「韓国流マンガ」は市場を支配するのか? webtoonと漫画の戦略を比較するエンタメ×ビジネスを科学する(1/4 ページ)

» 2023年10月31日 08時00分 公開
[滑健作ITmedia]

 漫画は日本の文化として世界に誇るコンテンツだ。昨今は電子版の普及により、市場をさらに拡大させている。一方で近年、韓国発祥のwebtoonという新しい形態のマンガ/コミックが急成長している。webtoonはスマホで縦スクロールしながら読むことを前提としたマンガ/コミックであり、カラーで描かれたイラストにせりふを加えたものである。

 webtoonは韓国だけでなく中国や東南アジアなどでも広く受け入れられており、こちらも市場規模は拡大し続けている。

webtoon公式Webサイト

 今後、漫画とwebtoonはどちらが優位に立つのだろうか? 両者の現状を再確認した上で将来を展望する。

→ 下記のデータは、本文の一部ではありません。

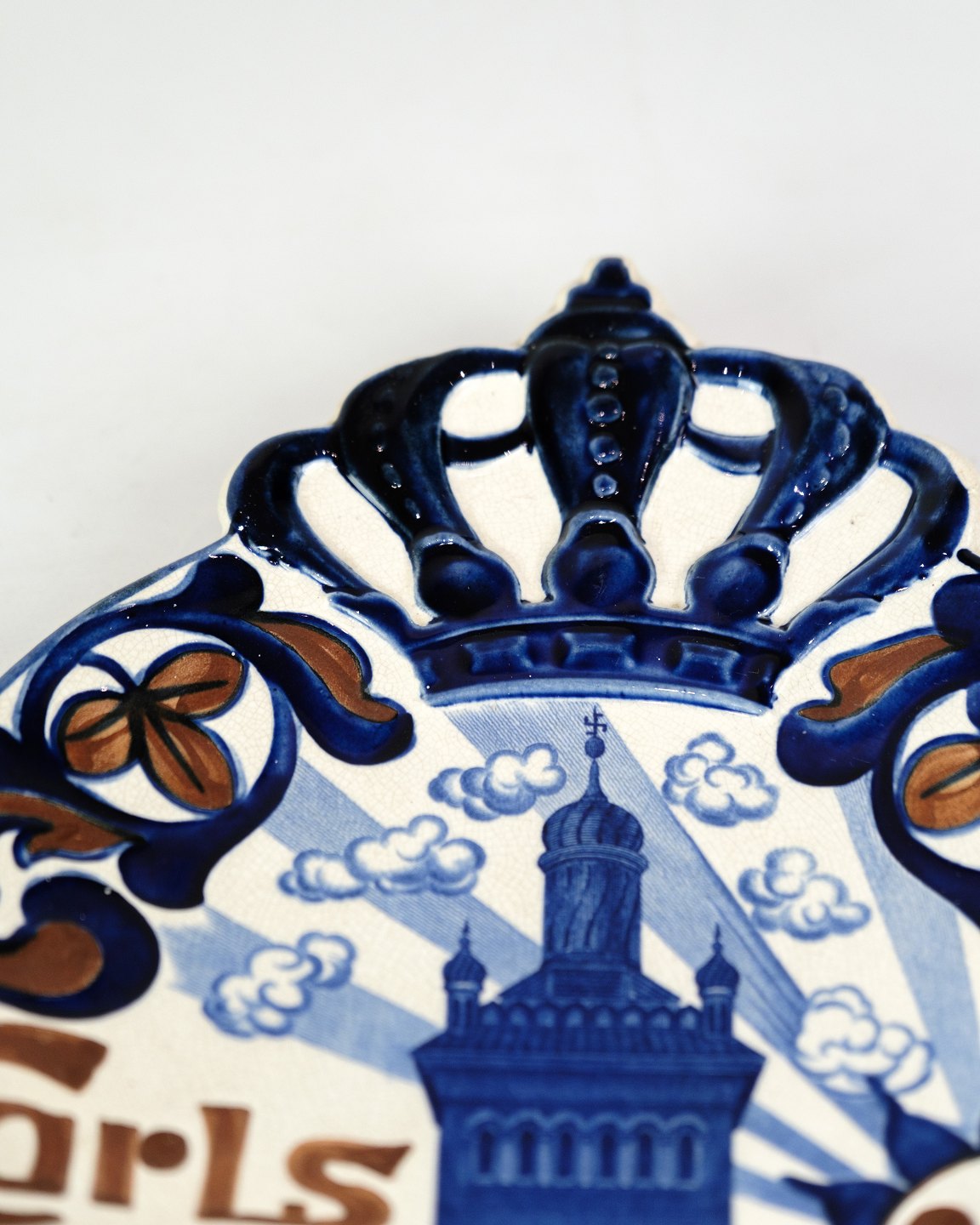 SolgtDenne bryggeriplatte fra 1908 er fremstillet i fajance af Aluminia og prydet med en smuk dekoration af den ikoniske Elefantporten ved Carlsberg Bryggerierne. Motivet hylder Carlsbergs stolte bryggeritraditioner og giver platten en historisk og kunstnerisk værdi.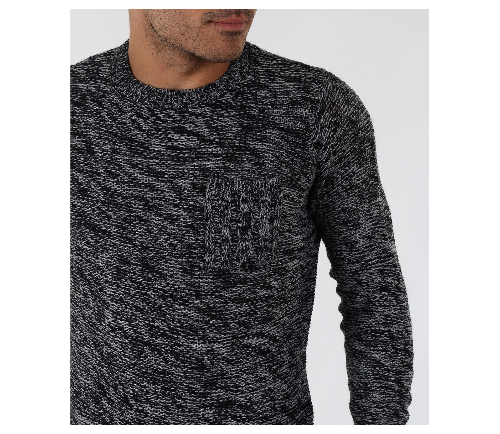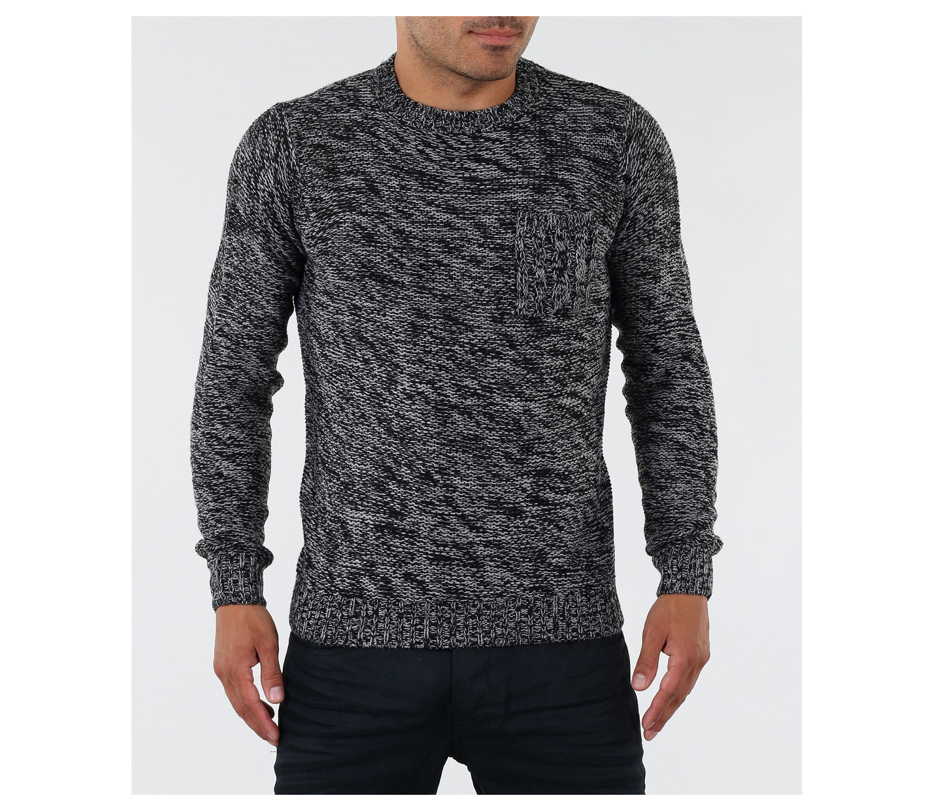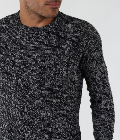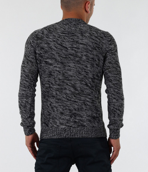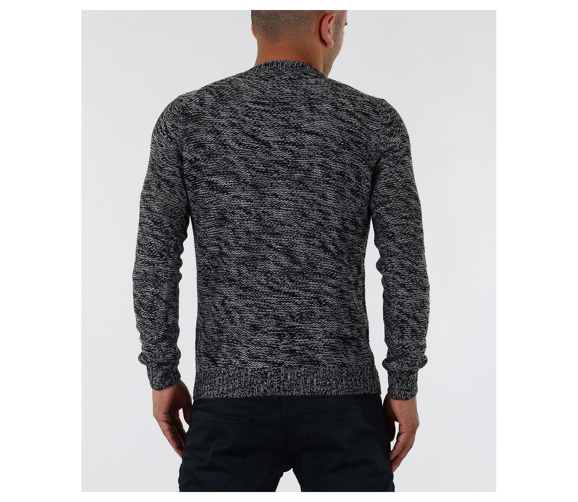 Описание на продукта: Стилен мъжки пуловер в цвят меланж. Страхотен модел изчистен от надписи и щампи, което го прави толкова стилен и предпочитан. Акцент на модела е малкото метално лого в долната предна част на пуловера. Моделът е с вталена кройка и овално деколте. Дължината на пуловера е стандартна. В областта на ръкавите и долната част има фини ластици, които правят модела по-прибран. Лесно влиза в комбинации както с по-спортни панталони така и със стилни дънки и обувки.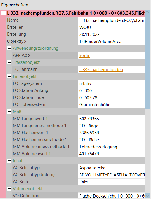 - Wenn Sie Ihr KorFin®-Projekt aktualisieren, werden die neu hinzugefügten Attribute im rechten Eigenschaftsbereich angezeigt. Um die hinzugefügten Attribute von den Bestehenden zu unterscheiden, werden diese mit roter Schrift in KorFin® dargestellt.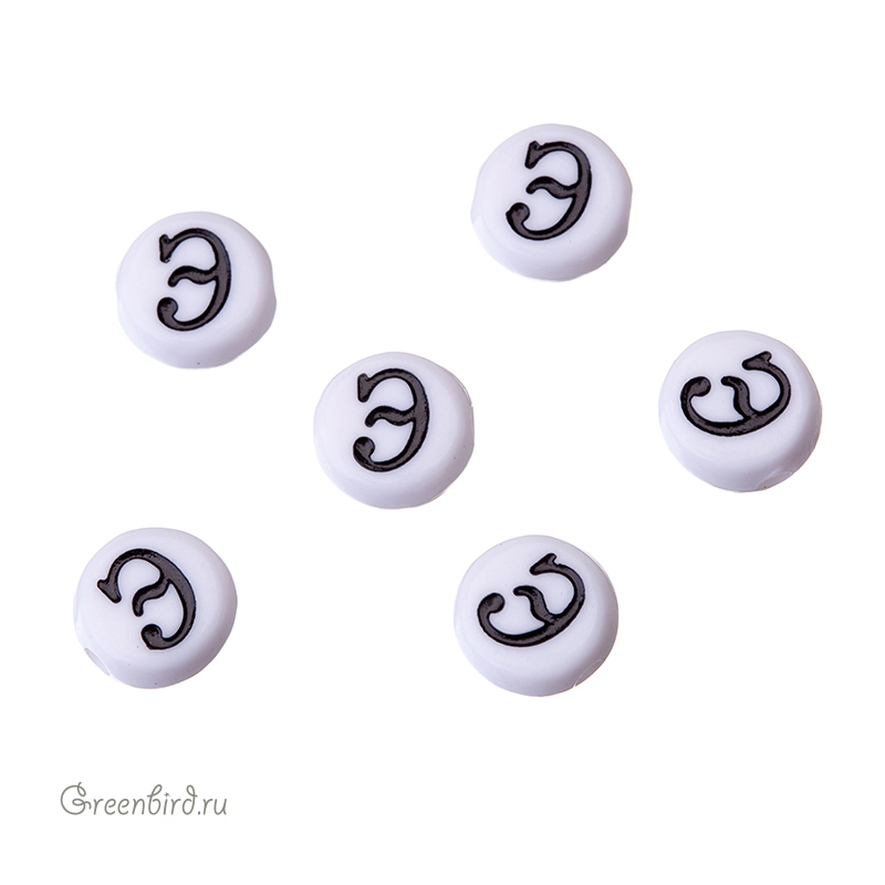 Бусины с буквами (кириллица) пластиковые. Цвет: белый; печать рисунка: черный. Размер: 6,8 х 7 мм, толщина: 3,5 мм, отверстие: 1,6 мм. Производство: Китай. Цена указана за 1 шт.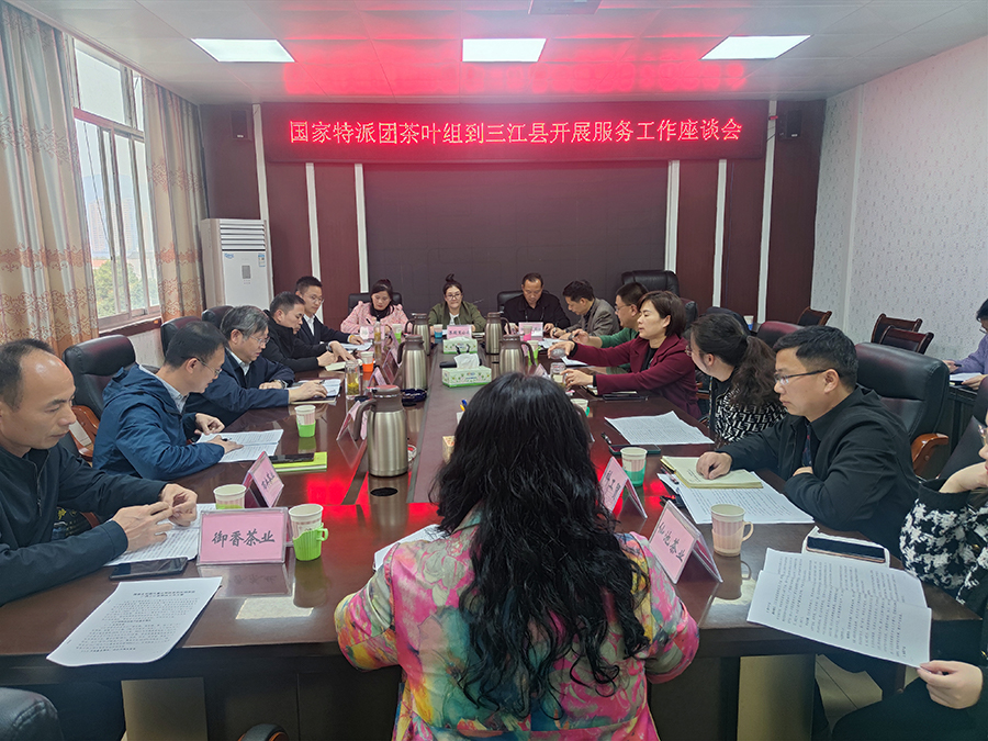 實地調研后,江用文書記一行參加了縣政府組織的座談會,確定茶樹新品種引進示范、茶園害蟲綠色防控、茶葉標準化加工、技術培訓等6項科技幫扶任務,并明確了任務分工和進度安排。江用文書記表示,三江縣生態環境優、茶產業基礎好,國家科技特派團茶葉產業組將發揮人才、科技優勢,為三江縣提供科技支撐,助推三江縣茶產業高質量發展。吳明煥副縣長對專家組高效開展科技幫扶,有力促進三江茶產業發展表示感謝,并表示今后將為專家組工作開展提供保障。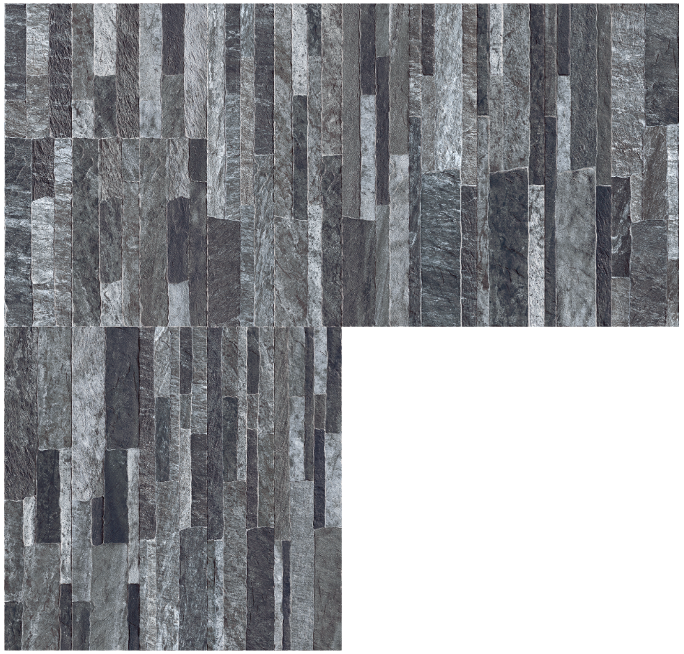 仿文化石基岩石系列,以 12.5×59.8cm 比例結合自然岩層堆疊紋理,呈現接近天然石材的粗獷層次與立面表情。石英磚材質讓整體應用更俐落易搭配,適合使用於住宅外牆、門廳立面、庭園壁面與商空空間,營造沉穩、自然且富有建築感的視覺效果。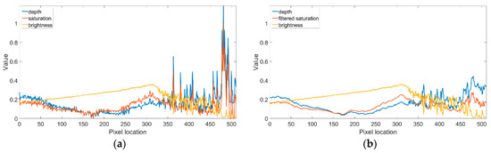 where is the scattering coefficient of the atmosphere, and is the scene depth. The large results in a small in the distant regions. Accordingly, a decrease in the image’s saturation caused by the multiplicative direct attenuation term and an increase in the image’s brightness caused by the additive airlight term lead to a big difference between the image’s saturation and brightness. To contrast, the small in the close regions results in a large , therein lies the cause for the small difference between the image’s saturation and brightness. Hence, Zhu et al. [20] proposed a linear model describing the correlation between the scene depth and the difference between the image’s saturation and brightness:

※国外ではコミックとwebtoonを別のコンテンツとして取り扱う場合もあるが、日本国内では一般的に「マンガ/コミック」のいちジャンルとして位置付けられているため、本稿はそれに従うこととする

※本稿では「マンガ/コミック」を一般総称として、「漫画」を雑誌掲載で連載などをしているものとして扱う

5年後に4兆円市場に? webtoonの成長スピードのすごさ

 まず、webtoonの売上規模や成長スピードを確認しよう。webtoonは韓国で1990年代後半から2000年代初頭に始まったコンテンツであり、その後インターネットやスマートフォンの普及に伴って急速に広まった。現在では韓国だけでなく東アジア圏に加え、欧州や米国、日本でも注目を集めている。

 webtoonの市場規模について正確な統計はないが、QYリサーチ社の調査によると2022年の市場規模は37億ドル(約5500億円)超、29年には7倍以上となる270億ドル(約4兆円)超に成長すると見込まれている。

 また同社のコミックブックに関する調査では、22年に110億ドル超、29年に190億ドル超と予想している。にわかに信じ難い差だが、それだけ成長が期待されている分野なのだ。

 なお日本国内に限定した場合、出版科学研究所の調査によるとマンガ/コミックの市場規模は21年に6000億円超となっている。電子コミックの普及や大ヒット作の登場などにより、18年の4000億円超から急成長中だ。

 そのうちwebtoonが占める割合は10%程度であり、世界市場と比較すると日本国内のwebtoonはまだまだ発展途上にあるといえる。